ところで、平成17年4月審査分の全国集計の結果、デイサービスの介護報酬の費用額が、居宅サービスのトップになったのはなぜだろうか。様々な見方が出来ますが、地方の高齢化が一段と進んで高齢者世帯が増え、訪問介護のような細切れ時間のサービスの必要性が薄れていったと考えることが出来ます。代わりに、ほぼ1日中要介護高齢者を家まで迎えに来てくれ預かってくれて、また、家まで送り届けてくれるサービスだとわかって、週に2日程度は利用したいというニーズが高まったのでしょう。市町村にある特別養護老人ホームに併設されているデイサービスの利用が高まり、その後に多くの民間事業者が少人数のデイサービスを開業するようになり、多種多様なデイサービスが出現しました。一日利用定員30名、40名規模の特別養護老人ホーム併設型デイサービスと、一日利用定員10名、15名程度の小規模で少人数のデイサービスを使い分けるようになり、次第に通所介護の介護給付費が伸びたのではないかと考えられます。

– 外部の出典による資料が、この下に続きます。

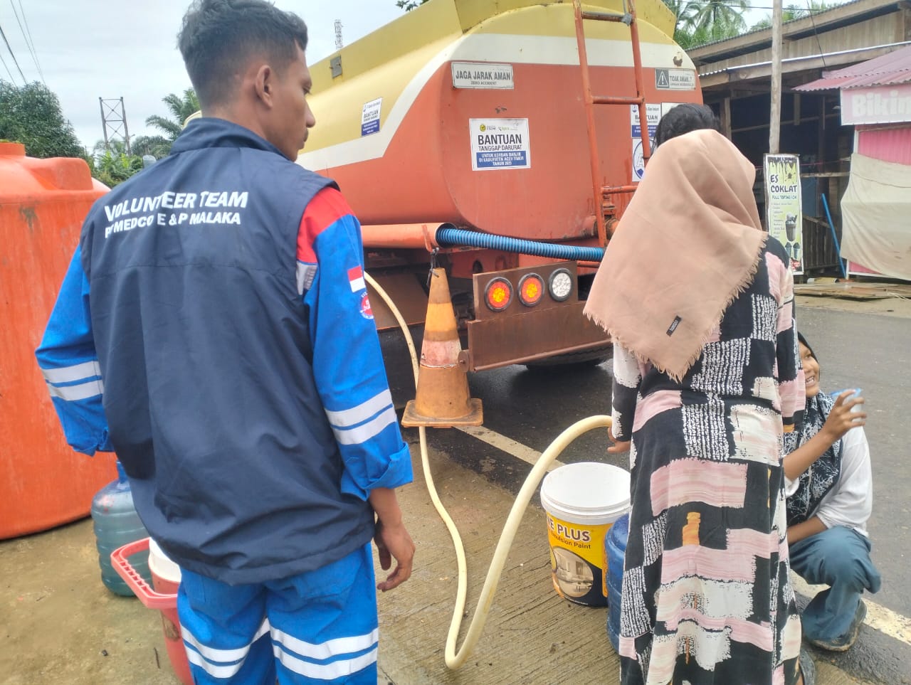 ACEH TIMUR, Sinar sergai.com-4 Februari 2026 — PT Medco E & P Malaka (Medco E&P) bersama Badan Pengelola Migas Aceh (BPMA) terus berperan aktif dalam upaya pemulihan dampak bencana hidrometeorologi yang melanda Kabupaten Aceh Timur. Air bersih hingga saat ini menjadi salah satu kebutuhan korban bencana tersebut, karena itu salah satu bentuk dukungan tersebut melalui pendistribusian sebanyak 1,13 juta liter air bersih bagi masyarakat di 56 desa terdampak yang tersebar di lima kecamatan.
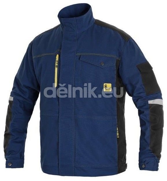 Pánská montérková blůza, strečová tkanina umožňující volný pohyb, ramena vyztužena 600D polyesterem, rukávy s nastavitelnou manžetou, kapsička s klopou na levém rukávu, kryté zapínání na zip a druky, náprsní kapsy - na druk a zip, boční kapsy na zip, regulovatelný pas, větrání na zádech, reflexní doplňky. Doporučené použití: strojírenství, stavebnictví, lehký průmysl, automobilový průmysl, logistika, skladová manipulace, spedice, autoservisy, údržba, montáže, zemědělství, zahrada, hobby. Složení: 98% bavlna, 2% elastan, 250g/m2
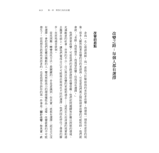 其實這正是我一直在做的事。從事諮商的那天起,我就經常思考,人們所面對的種種成長難題,有沒有共同的心理根源?當人們想要轉變時,阻礙他們的心理機制究竟是什麼。而我又能提供哪些幫助他們轉變的系統工具和方法?
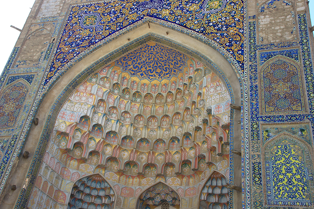 В медресе Абдуллазиз-хан очень красивый вход с мукарнами.
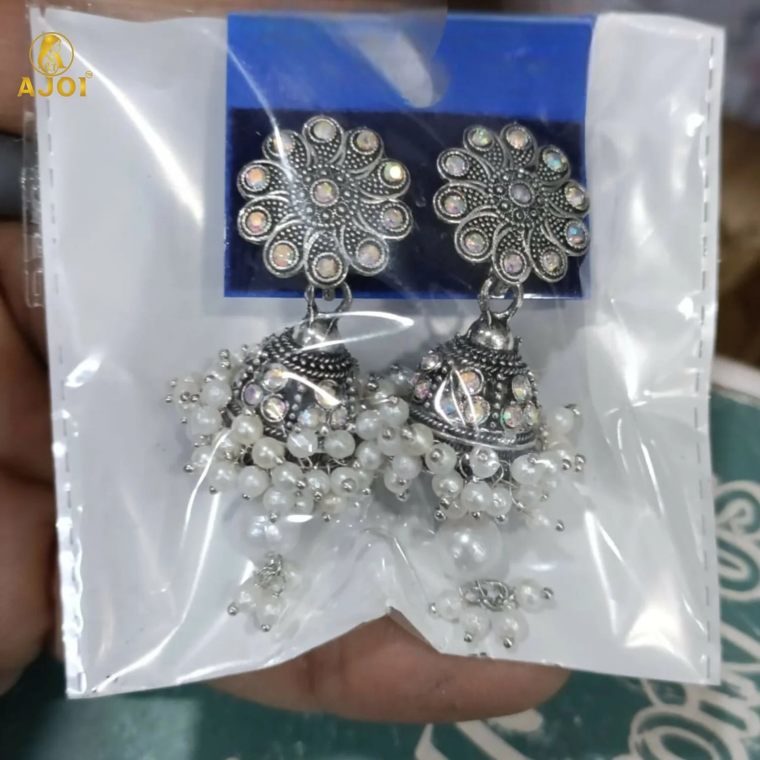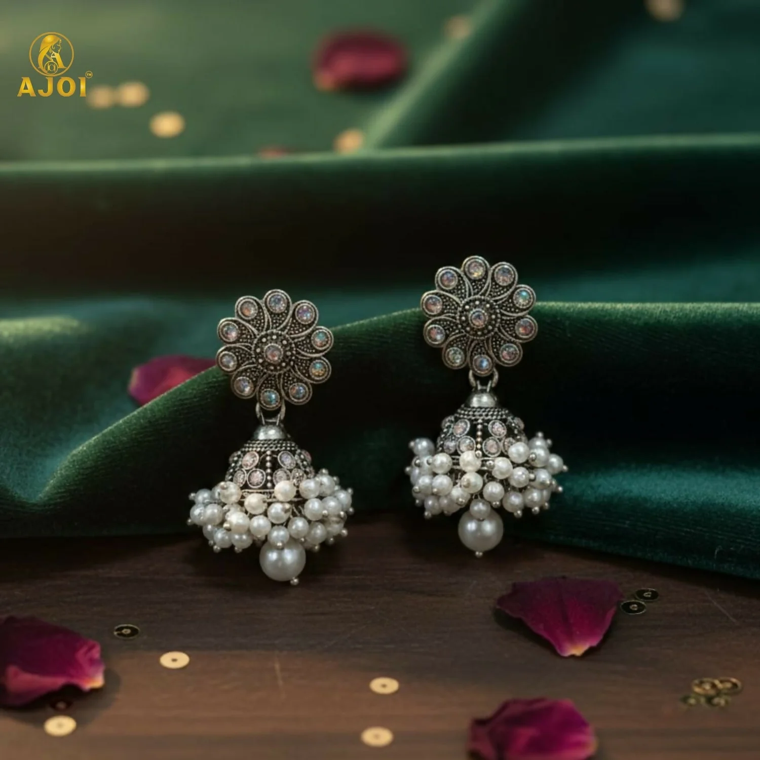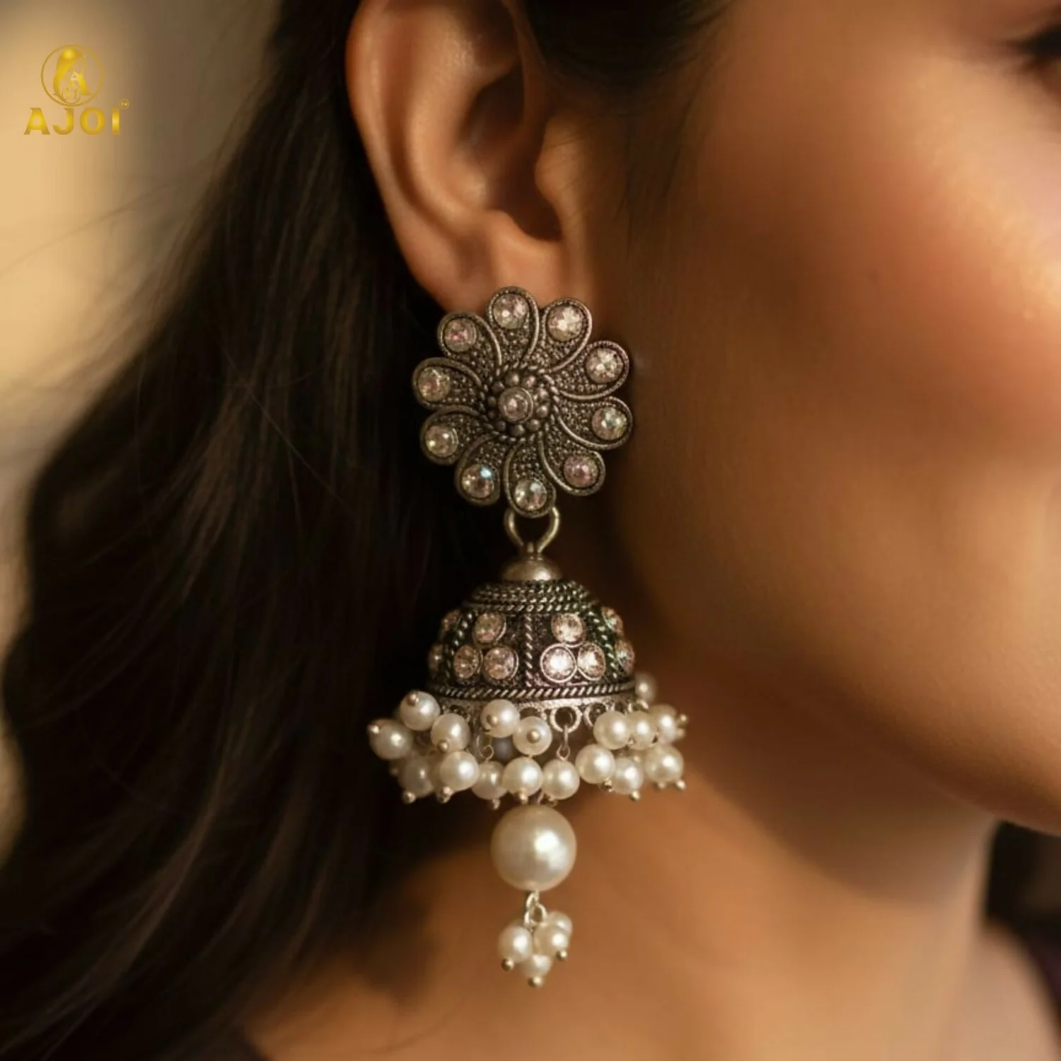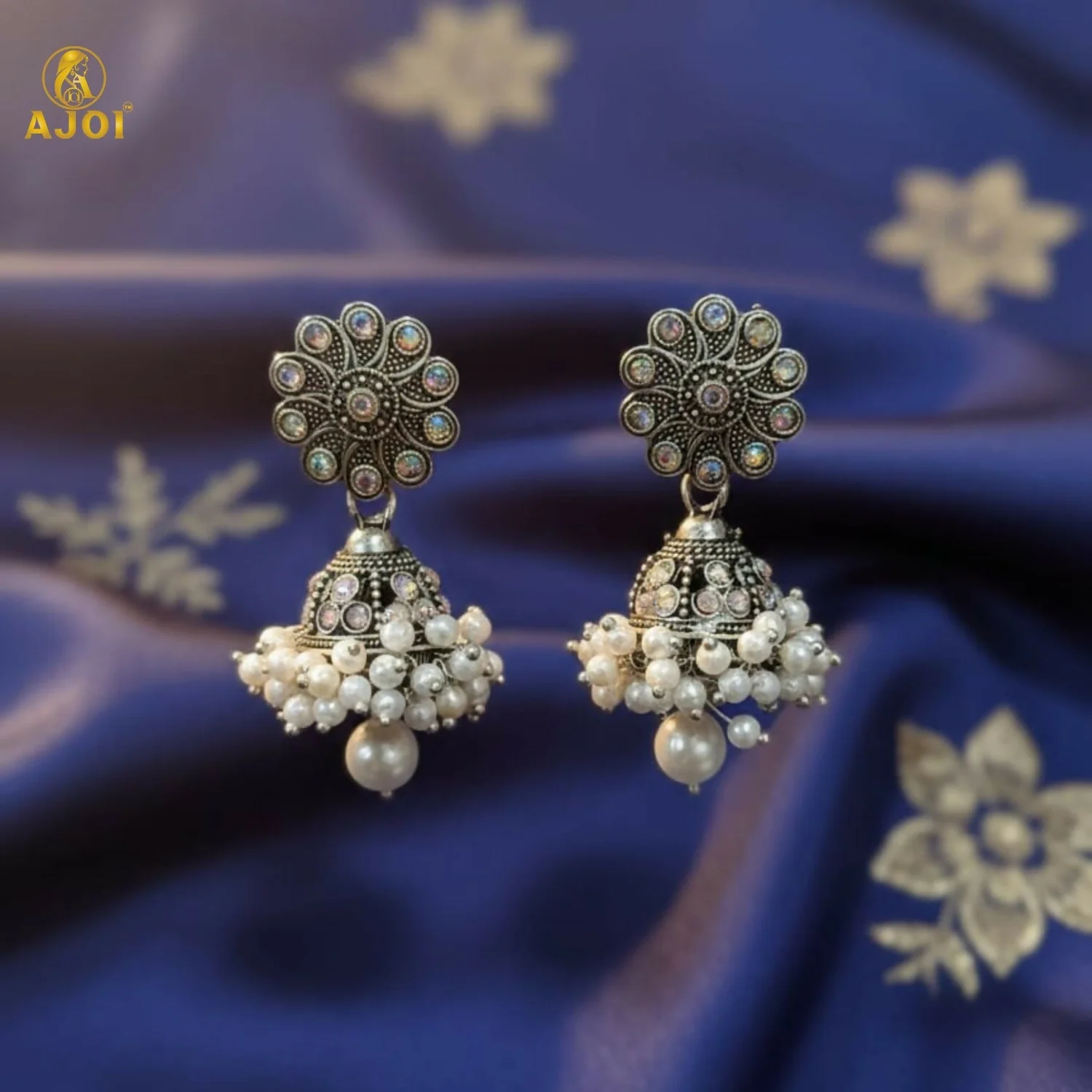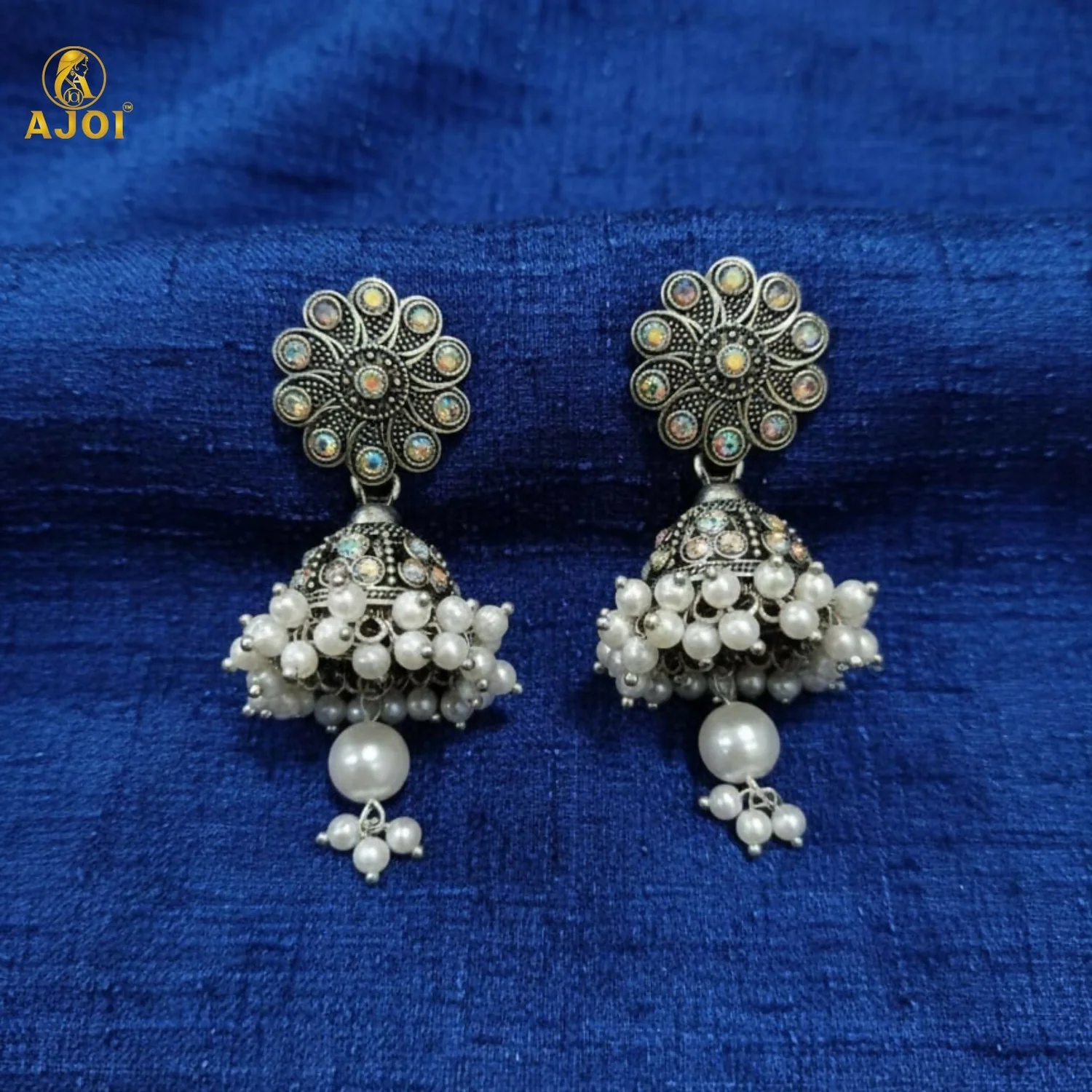 Celebrate timeless Indian tradition with these beautifully crafted oxidised silver round jhumka earrings. Featuring an intricately designed circular stud inspired by classic Indian motifs, these earrings are paired with dome-shaped jhumkas adorned with delicate pearl clusters. The elegant pearl drop at the base adds graceful movement and charm. Perfect for weddings, festivals, puja, and ethnic occasions, these earrings complement sarees, lehengas, and salwar suits effortlessly. A must-have accessory for lovers of traditional Indian jewellery.
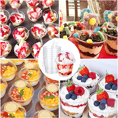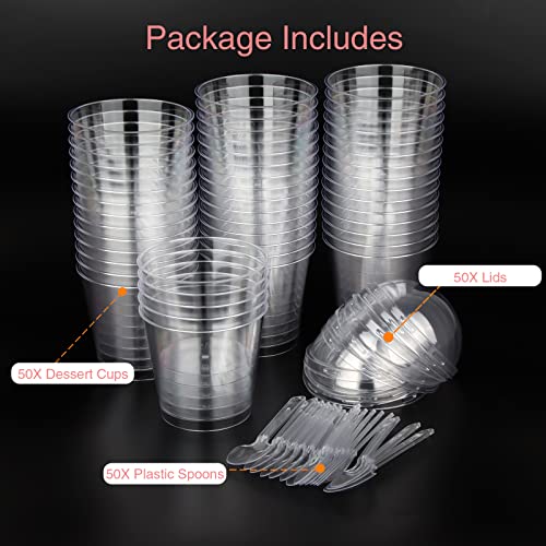 Dingdongji 50 Pezzi Tazze da Dessert,200 ml Tazze da Dessert con coperchio e cucchiaio,Coppette da Dessert Plastica Riutilizzabile,Bicchierini da Dessert Trasparente per Dessert,Mousse, Budini,Gelati
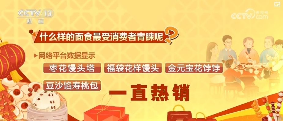 什么樣的面食最受消費(fèi)者青睞?網(wǎng)絡(luò)平臺數(shù)據(jù)顯示,寓意著步步登高的棗花饅頭塔、福袋花樣饅頭、金元寶花餑餑還有豆沙餡壽桃包一直熱銷。
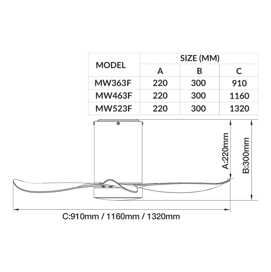 Air Volume: 3428CFM (MW363F) / 4534CFM (MW463F) / 7076CFM (MW523F)
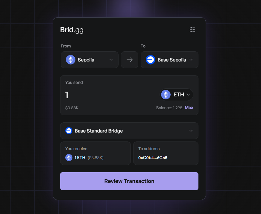 Now bridge some ETH from Sepolia to Base Sepolia.
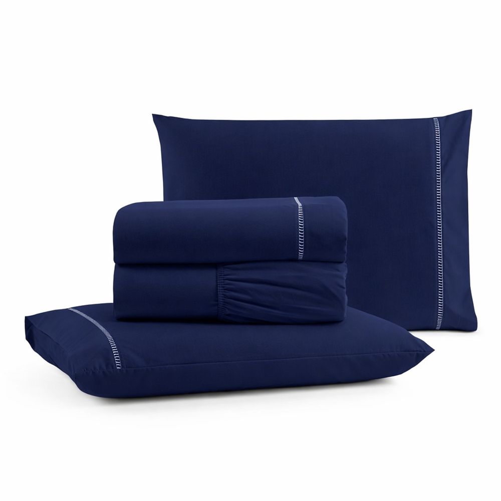 Jogo de Lençol King Premium Soft 600 Fios Micropercal Azul Marinho Ponto Palito Toque Macio 4 Peças
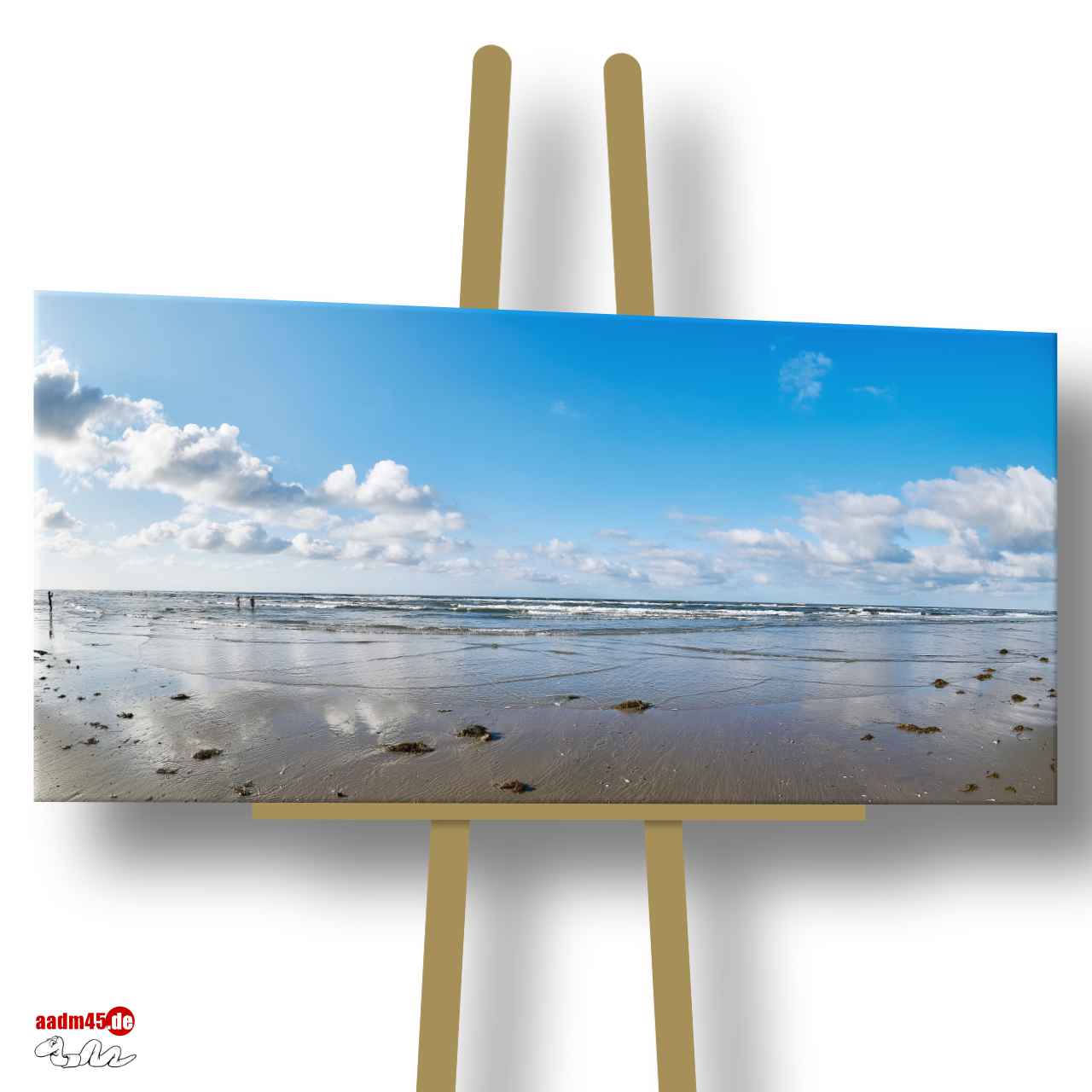 Juist Am Strand 120×60 cm Canvas, die Fotografie ist von © 2015 Adrian J.-G. Wackernah. Meereswellen der Nordsee laufen bis in den Sand aus, der mit Wolken behangene blaue Himmel spiegelt sich im Wasser am Strand.
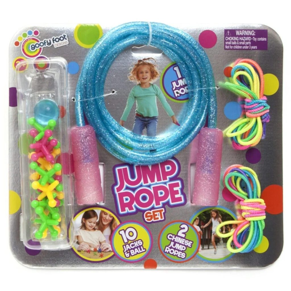 Jump Rope – Includes 7 Foot Glitter Infused Jump Rope, 10 Jacks & Ball, 2 Chinese Jump Ropes

介護事業を始めるにあたって、訪問介護サービス、デイサービスのどちらが事業として参入し易いかは一概に言えませんが、訪問介護サービスの需要が鈍化しているにもかかわらず、訪問介護事業所を立ち上げる事業者は後を絶たない。しかも開業してもすぐに止める事業所も多くなっています。訪問介護事業より多額の初期投資額が必要なデイサービスについても、すでに供給過多になっている地域が増えてきているのに、相変わらずデイサービスを開業する事業者がいます。どちらにしても新規参入事業者は後発のデメリットをどう克服するのか、何かしらの勝算があるのでしょうか。先発事業者よりも優れている点があると確信しているのでしょうか。

また、介護保険制度施行当初に事業を立ち上げた訪問介護事業者がこの先も事業の継続性を担保するには、経営資源の変化とともに経営環境の変化に迅速に対応していくしかありません。特に介護保険法改正や介護給付費改定による経営環境の変化には、その都度柔軟に対応していく必要に迫られます。